Judge’s Interpretation of an Ambiguous Arbitration Agreement Survives, Despite Post-Decision Recusal for Conflict of Interest

The Court of Appeals decision, ExxonMobil Oil Co. v. TIG Ins. Co. (2nd Cir. Aug. 12, 2022), while finding both parties’ positions on the proper interpretation of the arbitration agreement problematic, agrees with Exxon that the agreement required binding arbitration, but reverses the court’s award of pre-award interest in addition to the compensatory damages awarded by the arbitrators.
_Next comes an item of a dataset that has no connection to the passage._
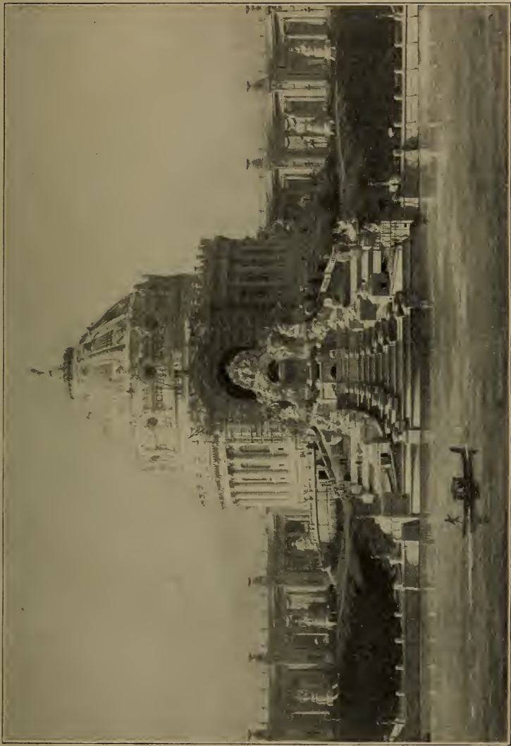
FESTIVAL HALL. WHERE THE NATIONAL NEWSBOYS' ASSOCIATION WAS ORGANIZED, AUGUST 16, 1904.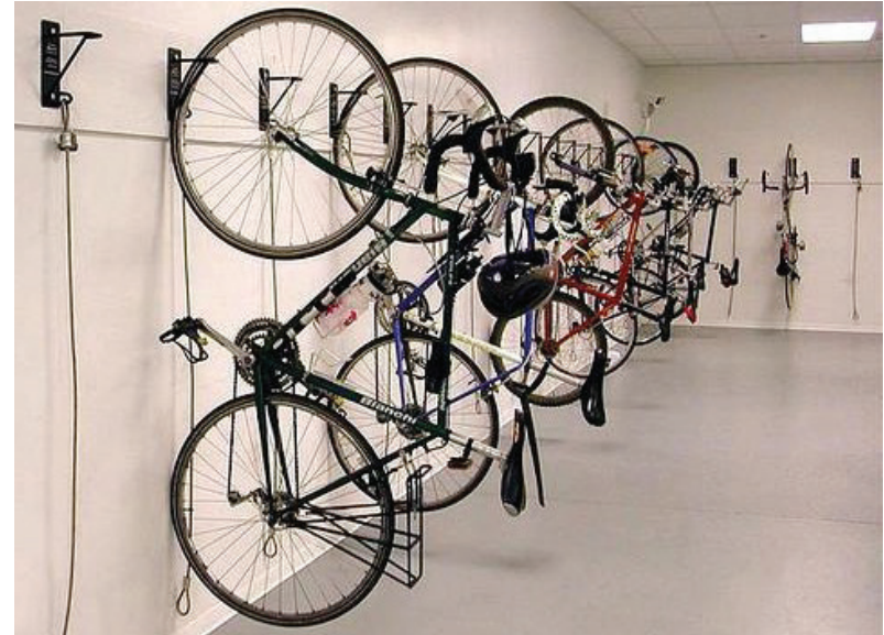
Active Transportation: Bicycle Storage in Existing Buildings Credit: Blue Sea Development Company (left); Gale's Industry Supply (right)

The Arbitration Agreement and Disagreement
The dispute involved an insurance coverage question. The insurance policy replaced its standardized binding arbitration agreement with an ADR Endorsement, which provided a three-step process for determining how to resolve disputes, summarizing this process as follows:

“1. The Company or the Insured may request of the other in writing that the dispute be settled by an alternative dispute resolution (‘ADR’) process, selected according to the procedures described herein.[] 2. If the Company and the Insured agree to so proceed, they will jointly select an ADR process for settlement of the dispute.[] … 4. If the parties cannot agree on an ADR process within 90 days of the written request described in paragraph (1), the parties shall use binding arbitration.”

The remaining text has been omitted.